According to the present invention as described above, it is possible to provide the antenna apparatus, which suppresses interference with the antenna support, and thus removes the dead zones, and has the suppression means for easily suppressing the change of the antenna directivity pattern caused by the effect of the feed line or the radome and the improvement means for simply improving the VSWR deterioration caused by the effect of the reflector or the radome.

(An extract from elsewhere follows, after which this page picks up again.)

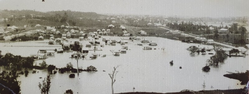 This image shows Swan Hill during the major 1893 flood. It is taken from the hill that is now home to the RBWH, with Downey Street City Farm in the front, Bowen Bridge Rd on the right and Newmarket Road across the top. The church was not inundated and was used as a refuge center for the community. It served, again, as a refuge during the 2022 floods, as it did in 1974 and 1937.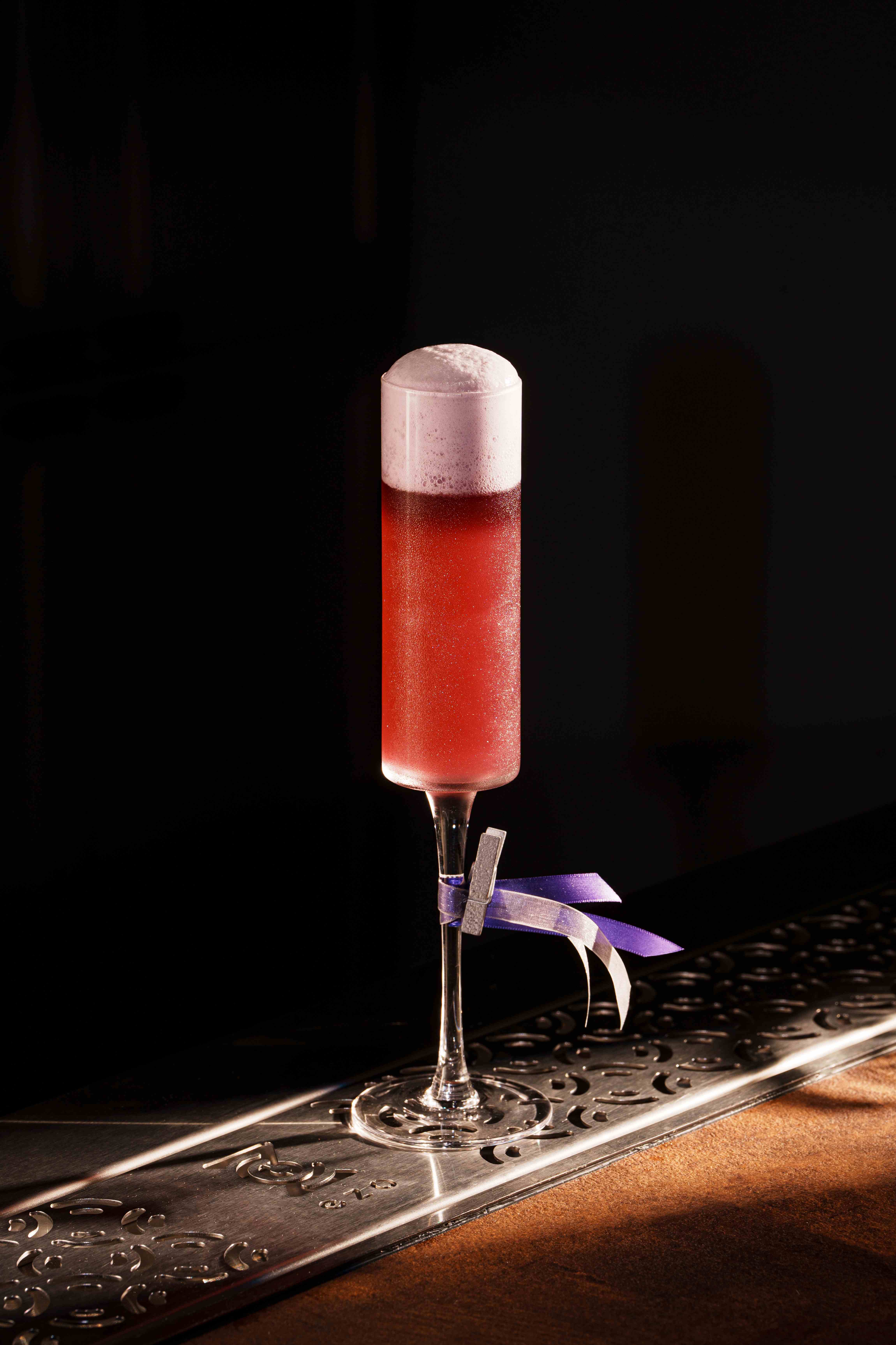 自製薰衣草琴酒為基底,藍莓與接骨木果香交錯,白葡萄酒帶來輕盈感。紫色漸層象徵他的多重面貌,晶粉流動如表演時的優雅舞蹈,薰衣草的沉穩氣息貫穿其中,溫柔優雅卻深藏故事。

Accordingly, the antenna apparatus can be used as relay station antennas which relay the radio waves in the skewed lower direction toward the so-called radio dead zones by installing it at the height capable of avoiding obstacles.
While the invention has been shown and described with reference to a certain preferred embodiment thereof, it will be understood by those skilled in the art that various changes in form and details may be made therein without departing from the invention as defined by the appended claims.

Claims

An antenna apparatus (100) comprising:
a sleeve antenna (25) and a coaxial cable (30), the sleeve antenna (25) being connected to the coaxial cable (30), the sleeve antenna (25) including a central conductor (10) and a sleeve (20), the lengths of the central conductor (10) and the sleeve (20) being 1/4 λ, respectively; and

a reflector (40) having a cone shape with a central axis,

wherein the sleeve antenna (25) is arranged in a concave portion of the reflector (40), the central conductor (10) is on the central axis of the reflector (40), and a top end of the central conductor (10) is separate from a vertex portion of the reflector (40),

a first disk (50) for matching the impedance of the antenna apparatus, arranged at the central conductor (10) of the sleeve antenna (25) and at a distance of 1/16 λ from the upper end of the sleeve (20) along the central axis of the reflector (40), and

a second disk (60) for suppressing leakage currents on the coaxial cable, arranged at the coaxial cable (30) of the sleeve antenna (25) and at a distance of 3/8 λ from the upper end of the sleeve (20) along the central axis of the reflector (40).
The antenna apparatus (100) as claimed in claim 1, further comprising a radome (70),
the radome (70) being made from a resinoid and having a cone shape,
wherein an end of the reflector (40) and an end of the radome (70) closely approach each other to form a housing space therebetween, and
the sleeve antenna (25) is housed within the housing space.
The antenna apparatus as claimed in claim 1, further comprising a radome (70), the radome (70) having a side surface in a cylinder shape and a top surface in a cone shape,
wherein the reflector (40) is arranged on the top surface of the radome (70), and
the sleeve antenna (25) is housed within the cylinder.
The antenna apparatus (100) as claimed in any one of claims 1 to 3, wherein the reflector (40) is made from a material selected from the group consisting of metal plates, metal meshes and dielectric material coated with metals.